As a review of the Hatena blog I wrote in 2019, I decided to create a WordCloud for my blog article [^ 1]. After a little research, I found an article calling the API of the blog in JavaScript. So I tried to do the same in Python. This article summarizes what I learned by moving my hands.
[^ 1]: Update the link after publication
The scripts covered in this article do the following:
--Get a list of Hatena blog articles you wrote --Separate the articles written on the Hatena blog into files and save them on your computer.

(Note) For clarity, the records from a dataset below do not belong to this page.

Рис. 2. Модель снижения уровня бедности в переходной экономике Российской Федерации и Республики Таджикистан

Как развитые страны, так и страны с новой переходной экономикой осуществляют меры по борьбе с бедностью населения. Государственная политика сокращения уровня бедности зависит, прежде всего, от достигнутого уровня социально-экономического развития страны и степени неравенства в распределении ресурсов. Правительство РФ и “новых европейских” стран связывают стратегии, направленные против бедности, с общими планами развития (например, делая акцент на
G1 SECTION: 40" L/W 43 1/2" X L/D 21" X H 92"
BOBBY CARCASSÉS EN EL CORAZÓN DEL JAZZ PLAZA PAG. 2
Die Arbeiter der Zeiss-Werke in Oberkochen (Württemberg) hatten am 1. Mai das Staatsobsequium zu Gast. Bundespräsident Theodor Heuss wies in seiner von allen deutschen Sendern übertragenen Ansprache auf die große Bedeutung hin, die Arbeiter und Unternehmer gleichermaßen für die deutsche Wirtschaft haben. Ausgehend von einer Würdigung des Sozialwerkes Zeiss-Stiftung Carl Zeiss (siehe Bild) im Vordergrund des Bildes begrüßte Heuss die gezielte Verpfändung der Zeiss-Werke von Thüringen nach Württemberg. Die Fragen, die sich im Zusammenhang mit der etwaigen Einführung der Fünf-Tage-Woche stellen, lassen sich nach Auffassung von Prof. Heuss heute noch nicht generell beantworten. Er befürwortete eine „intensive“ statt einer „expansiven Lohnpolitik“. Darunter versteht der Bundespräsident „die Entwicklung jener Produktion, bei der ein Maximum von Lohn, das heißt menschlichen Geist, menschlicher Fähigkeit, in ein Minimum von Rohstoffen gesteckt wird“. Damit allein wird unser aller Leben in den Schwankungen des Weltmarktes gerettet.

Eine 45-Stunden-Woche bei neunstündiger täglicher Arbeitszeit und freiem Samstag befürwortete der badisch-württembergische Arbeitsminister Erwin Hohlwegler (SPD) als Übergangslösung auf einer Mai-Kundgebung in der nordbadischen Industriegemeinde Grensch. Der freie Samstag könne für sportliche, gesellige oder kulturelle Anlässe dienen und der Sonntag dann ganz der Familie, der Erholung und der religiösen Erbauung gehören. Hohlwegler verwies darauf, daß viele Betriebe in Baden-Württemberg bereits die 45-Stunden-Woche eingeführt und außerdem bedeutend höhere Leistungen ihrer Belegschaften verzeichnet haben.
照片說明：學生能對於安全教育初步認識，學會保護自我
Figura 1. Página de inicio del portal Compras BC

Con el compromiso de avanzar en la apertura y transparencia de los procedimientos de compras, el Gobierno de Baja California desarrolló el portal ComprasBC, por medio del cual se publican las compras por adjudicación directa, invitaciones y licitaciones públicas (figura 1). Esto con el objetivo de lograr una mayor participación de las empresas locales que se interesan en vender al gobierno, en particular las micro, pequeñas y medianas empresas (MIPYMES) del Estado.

There are two topics to discuss:
$ sw_vers
ProductName: Mac OS X
ProductVersion: 10.14.4
BuildVersion: 18E226
$ python -V
Python 3.7.3 #I am creating a virtual environment with the venv module
$ pip list | grep requests
requests 2.22.0
Preparation consists of two steps.
--Learn how to parse XML in Python --Call the API using your credentials
Hatena Blog AtomPub | http://developer.hatena.ne.jp/ja/documents/blog/apis/atom
An API using the Atom Publishing Protocol (AtomPub) is open to the public.

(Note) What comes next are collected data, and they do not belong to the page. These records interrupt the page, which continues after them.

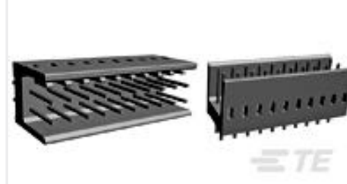
TE 产品编号826469-6 2X6P MOD II SHROUDED HEADER, ST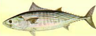
Bonite à dos rayé ( Sarda sarda )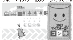
合格カード(初級・中級・上級) & ピンバッジ(マイスター) 2023

※なお、本検定はコンクリート製品の総合的な情報を提供し、その理解を促すもので、コンクリート製品の価値を広く社会に伝えることを目的としています。製造管理士試験やコンクリート技士試験等のように技術的な水準を評価する検定ではありません。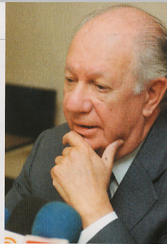
Ricardo Lagos: "Siempre listo".

En la DC se estima que las condiciones objetivas del PDC son ahora favorables a Soledad Alvear, ya que se logró imponer sobre el sector más temible como adversarios los colobos. Estos aparecen hoy en minoría y hasta se llegó a especular que hacer ante la posible espoliación de la DC del senador Adolfo Zaldívar, pero da la impresión que la sangre no llegará al río y en definitiva a Zaldívar se le aplicará una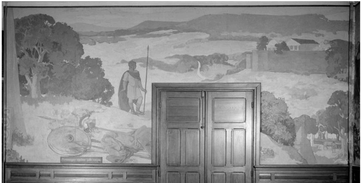
Mur ouest : Noviomagus oppidum gallo-romain.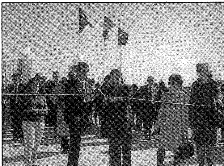
La inauguración del Instituto de Villarejo, es ya una realidad.

El viernes 7 de febrero, quedó inaugurado en Villarejo de Salvanés, el Instituto de Enseñanza Secundaria, que resuelve el problema de escolarización de 10 municipios del Sureste de Madrid.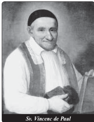
Sv. Vincenc de Paul

ním zakladatelem Charity, která dnes představuje obrovskou sílu ve světě. On byl inspirátorem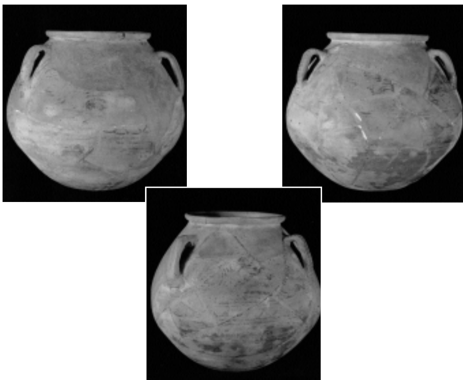
Fig. 3, 1-3. Fotografies actuals del vas de l'Aigueta.

del sud-est de la península, d'Elx i Arxena, entre d'altres jaciments (Bosch Gimpera, 1919, pàg. 257-257).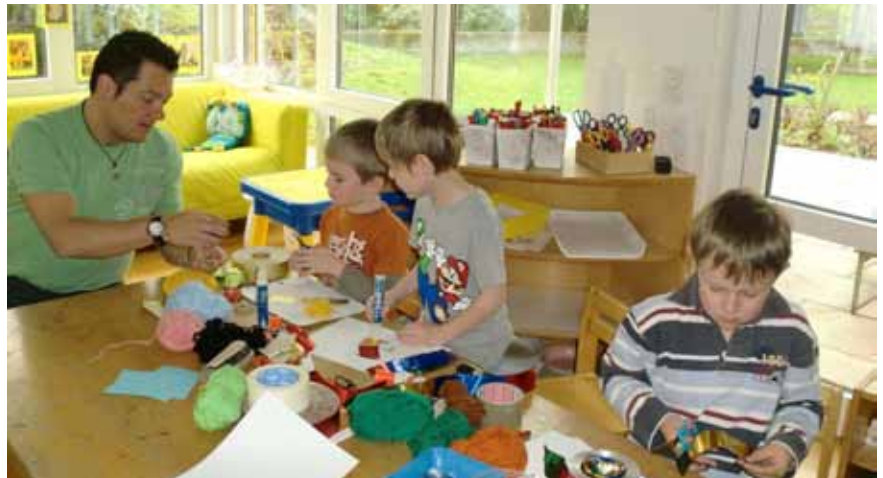
Ein ereignisreicher Vormittag für den Bürgermeister, der für alle viel zu schnell vorüber war.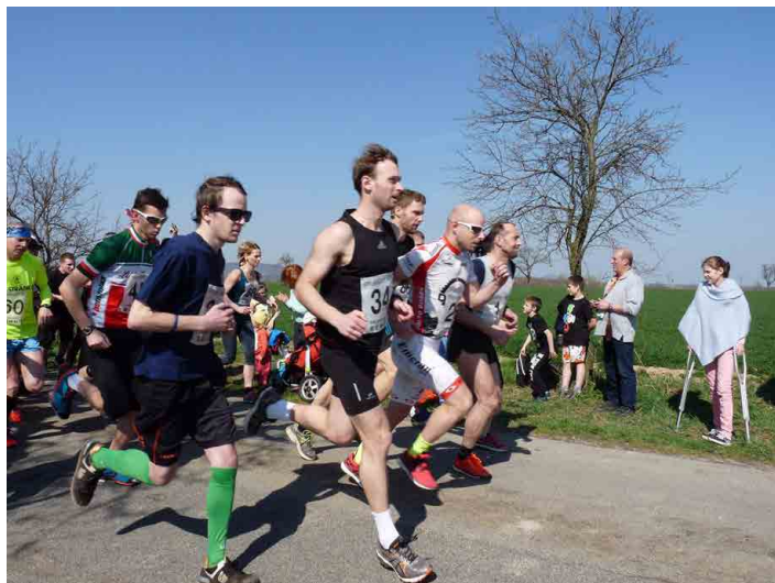
V dubnu bývá počasí nejisté, v červenci se běžci jistě zapotí.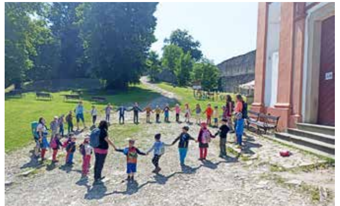
Plníme poslední úkol královny Grafie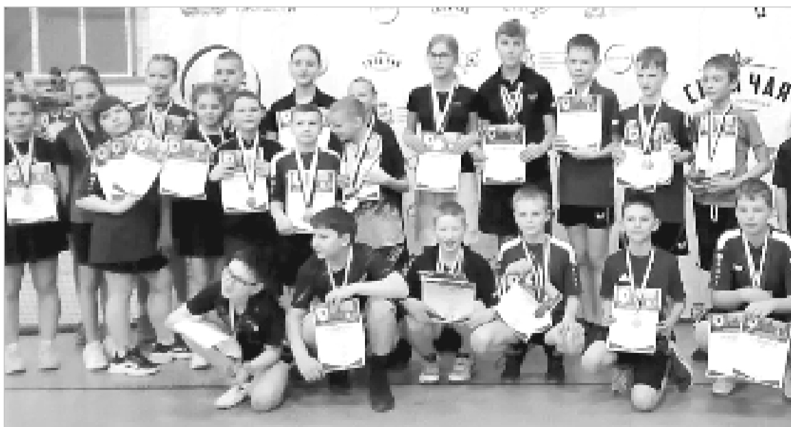
Первенство Смоленской области по настольному теннису: фото на память.

Команда теннисистов Ельнинского Центра творчества 29 марта приняла участие в первенстве Смоленской области по настольному теннису.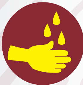
Lavar manos y utilizar gel antibacterial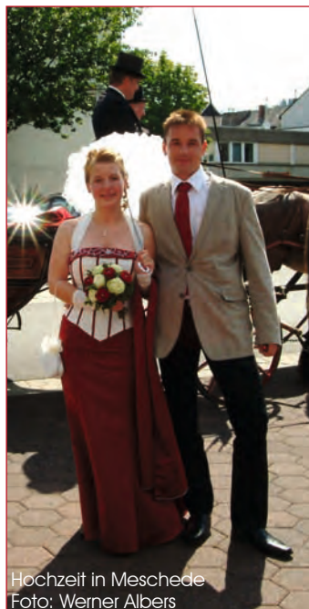
Hochzeit in Meschede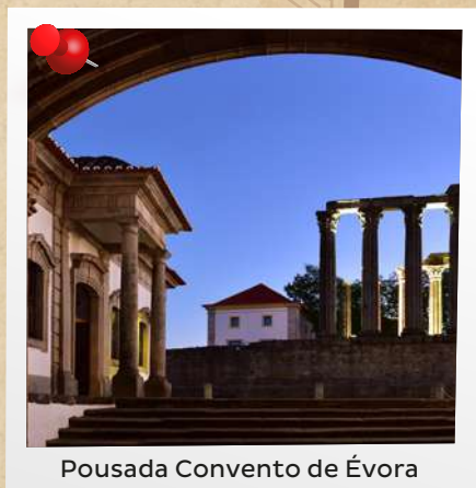
Pousada Convento de Évora

Hatena Blog In order to use AtomPub, the client needs to perform OAuth authentication, WSSE authentication, or Basic authentication.
This time, I implemented it with ** Basic authentication **.

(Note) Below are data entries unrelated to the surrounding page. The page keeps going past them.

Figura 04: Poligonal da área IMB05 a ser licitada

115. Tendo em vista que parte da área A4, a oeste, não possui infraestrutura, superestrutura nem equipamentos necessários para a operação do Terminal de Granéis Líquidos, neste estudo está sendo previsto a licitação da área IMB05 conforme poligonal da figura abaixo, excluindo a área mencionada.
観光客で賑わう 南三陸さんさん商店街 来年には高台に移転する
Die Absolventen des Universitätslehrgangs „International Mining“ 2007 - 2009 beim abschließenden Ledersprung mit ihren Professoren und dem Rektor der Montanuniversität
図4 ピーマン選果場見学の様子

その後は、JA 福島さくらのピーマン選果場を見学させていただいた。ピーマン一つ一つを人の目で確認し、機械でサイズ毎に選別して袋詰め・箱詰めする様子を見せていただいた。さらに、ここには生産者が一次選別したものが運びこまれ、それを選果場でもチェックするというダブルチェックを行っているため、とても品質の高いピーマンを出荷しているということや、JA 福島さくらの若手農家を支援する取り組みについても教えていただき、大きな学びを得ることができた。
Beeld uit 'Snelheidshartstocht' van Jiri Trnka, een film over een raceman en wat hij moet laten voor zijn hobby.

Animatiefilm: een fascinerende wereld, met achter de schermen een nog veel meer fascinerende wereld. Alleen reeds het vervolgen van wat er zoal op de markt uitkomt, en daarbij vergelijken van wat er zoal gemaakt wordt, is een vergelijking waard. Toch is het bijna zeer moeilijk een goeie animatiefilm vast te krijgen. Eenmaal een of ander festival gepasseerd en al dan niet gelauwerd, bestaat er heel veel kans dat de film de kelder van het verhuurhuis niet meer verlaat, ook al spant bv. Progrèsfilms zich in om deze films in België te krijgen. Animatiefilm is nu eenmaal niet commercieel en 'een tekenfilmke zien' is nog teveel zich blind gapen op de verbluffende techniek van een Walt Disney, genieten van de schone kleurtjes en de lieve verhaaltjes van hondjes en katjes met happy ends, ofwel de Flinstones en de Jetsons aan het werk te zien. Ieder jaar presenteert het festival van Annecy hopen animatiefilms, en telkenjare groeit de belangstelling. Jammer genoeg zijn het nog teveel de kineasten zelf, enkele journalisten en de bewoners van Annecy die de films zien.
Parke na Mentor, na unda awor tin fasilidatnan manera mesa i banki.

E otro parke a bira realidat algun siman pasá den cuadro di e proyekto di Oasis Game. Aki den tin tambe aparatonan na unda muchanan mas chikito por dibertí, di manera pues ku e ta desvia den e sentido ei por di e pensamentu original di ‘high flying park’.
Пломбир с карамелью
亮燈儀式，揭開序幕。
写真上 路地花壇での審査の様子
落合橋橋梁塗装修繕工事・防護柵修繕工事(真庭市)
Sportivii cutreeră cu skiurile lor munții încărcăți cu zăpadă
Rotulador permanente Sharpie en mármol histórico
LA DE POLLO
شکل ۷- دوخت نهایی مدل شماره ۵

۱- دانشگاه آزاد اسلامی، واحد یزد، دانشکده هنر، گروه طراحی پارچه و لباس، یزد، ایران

As described in "Getting a list of blog entries" in the above document, the ** response is returned in XML **.
I used the standard module ElementTree XML API (https://docs.python.org/ja/3/library/xml.etree.elementtree.html).
The xml.etree.ElementTree module implements a simple and efficient API for parsing and creating XML data.
Let's see the XML operation with a simple example. The same operation was performed on the response of the Hatena blog Atom Pub.
practice.py
import xml.etree.ElementTree as ET
sample_xml_as_string = """<?xml version="1.0"?>
<data>
<member name="Kumiko">
<grade>2</grade>
<instrument>euphonium</instrument>
</member>
<member name="Kanade">
<grade>1</grade>
<instrument>euphonium</instrument>
</member>
<member name="Mizore">
<grade>3</grade>
<instrument>oboe</instrument>
</member>
</data>"""
root = ET.fromstring(sample_xml_as_string)
Specify the -i
option [^ 2] when executing the script in the Python interpreter.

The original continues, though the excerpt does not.